I have a Python 3.6 data processing task that involves pre-loading a large dict for looking up dates by ID for use in a subsequent step by a pool of sub-processes managed by the multiprocessing module. This process was eating up most if not all of the memory on the box, so one optimisation I applied was to 'intern' the string dates being stored in the dict. This reduced the memory footprint of the dict by several GBs as I expected it would, but it also had another unexpected effect.

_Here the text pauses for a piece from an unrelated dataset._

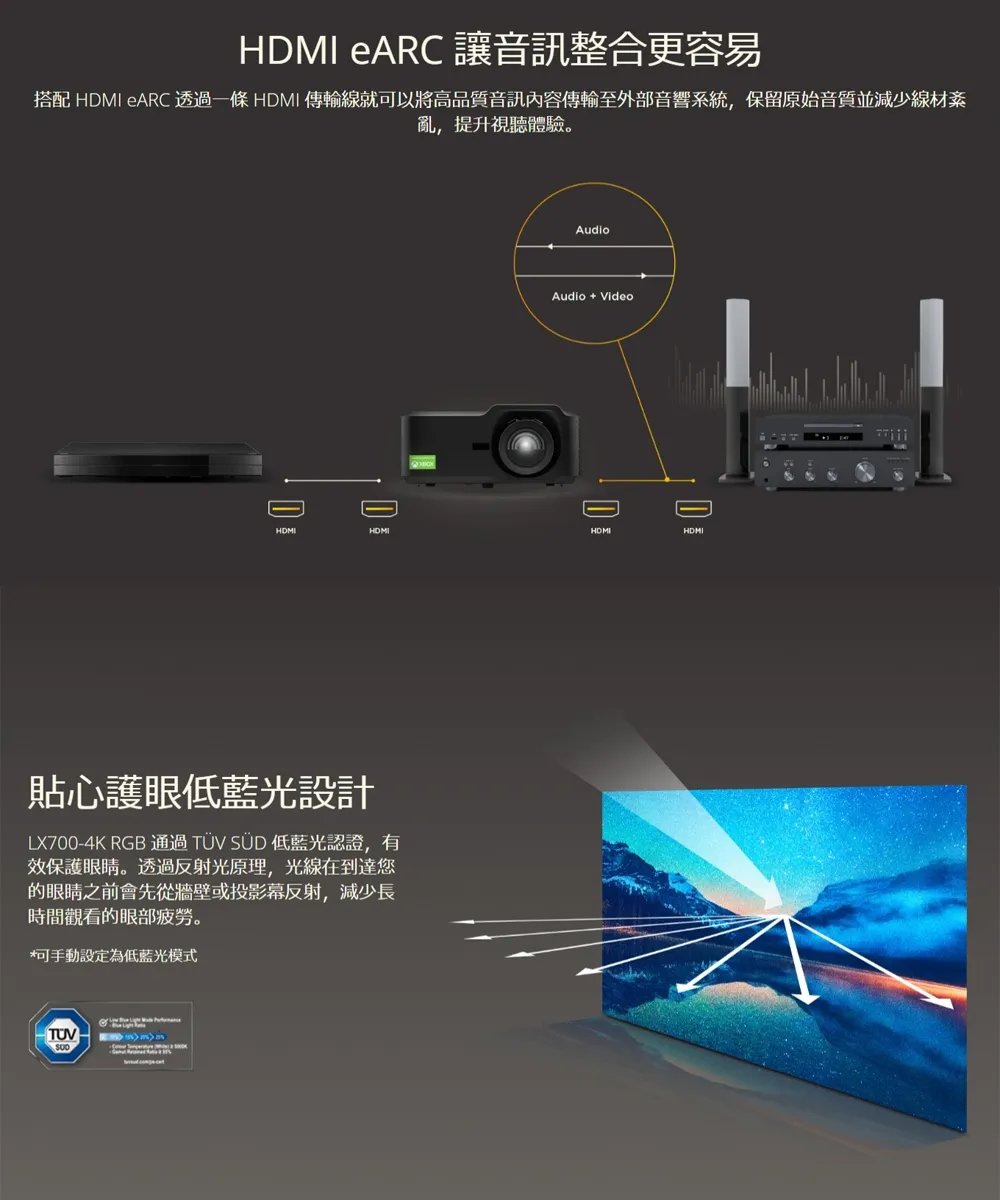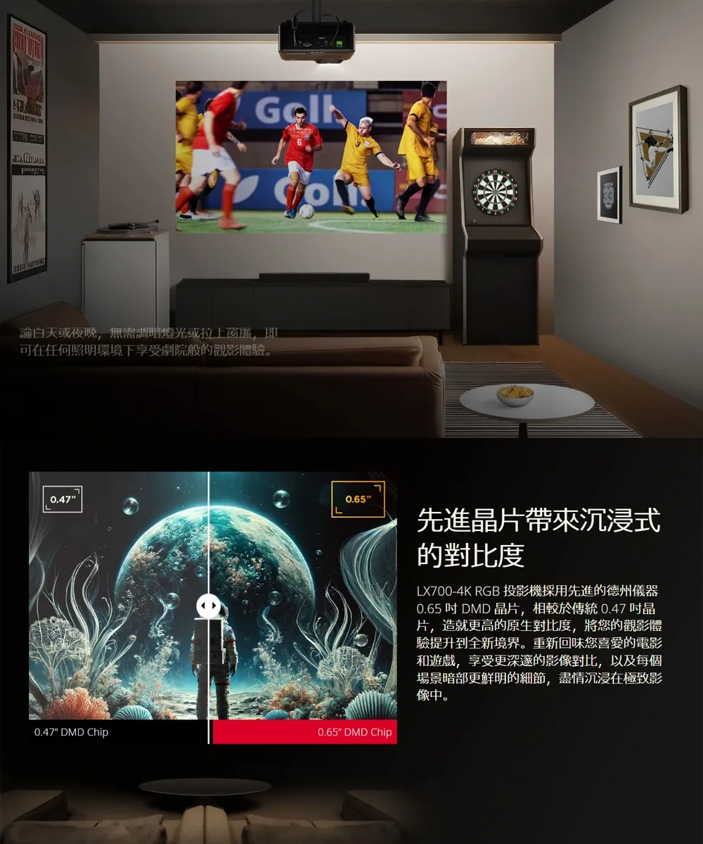 -0.65 吋 DMD 晶片提供 4K HDR 高對比的沉浸式影像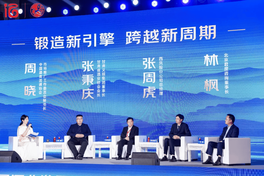 在以“锻造新引擎,跨越新周期”为主题的圆桌论坛上,中国酒类流通协会市场推广专业委员会秘书长周晓,甘肃省酒业协会会长、甘肃义顺集团董事长张秉庆,西凤股份公司总经理张周虎及北京君度卓越咨询董事长林枫共同围绕行业新周期特征与破局路径进行对话。

Before applying interning, the sub-processes would gradually eat more and more memory as they executed, which I believe was down to them having to copy the dict gradually from global memory across to the sub-processes' individual allocated memory (this is running on Linux and so benefits from the copy-on-write behaviour of fork()). Even though I'm not updating the dict in the sub-processes, it looks like read-only access can still trigger copy-on-write through reference counting.
I was only expecting the interning to reduce the memory footprint of the dict, but in fact it stopped the memory usage gradually increasing over the sub-processes lifetime as well.
Here's a minimal example I was able to build that replicates the behaviour, although it requires a large file to load in and populate the dict with and a sufficient amount of repetition in the values to make sure that interning provides a benefit.
import multiprocessing
import sys
# initialise a large dict that will be visible to all processes
# that contains a lot of repeated values
global_map = dict()
with open(sys.argv[1], 'r', encoding='utf-8') as file:
if len(sys.argv) > 2:
print('interning is on')
else:
print('interning is off')
for i, line in enumerate(file):
if i > 30000000:
break
parts = line.split('|')
if len(sys.argv) > 2:
global_map[str(i)] = sys.intern(parts[2])
else:
global_map[str(i)] = parts[2]
def read_map():
# do some nonsense processing with each value in the dict
global global_map
for i in range(30000000):
x = global_map[str(i)]
y = x + '_'
return y
print("starting processes")
process_pool = multiprocessing.Pool(processes=10)
for _ in range(10):
process_pool.apply_async(read_map)
process_pool.close()
process_pool.join()
I ran this script and monitored htop
to see the total memory usage.
interning? | mem usage just after 'starting processes' printed | peak mem usage after that |
---|---|---|
no | 7.1GB | 28.0GB |
yes | 5.5GB | 5.6GB |
While I am delighted that this optimisation seems to have fixed all my memory issues at once, I'd like to understand better why this works. If the creeping memory usage by the sub-processes is down to copy-on-write, why doesn't this happen if I intern the strings?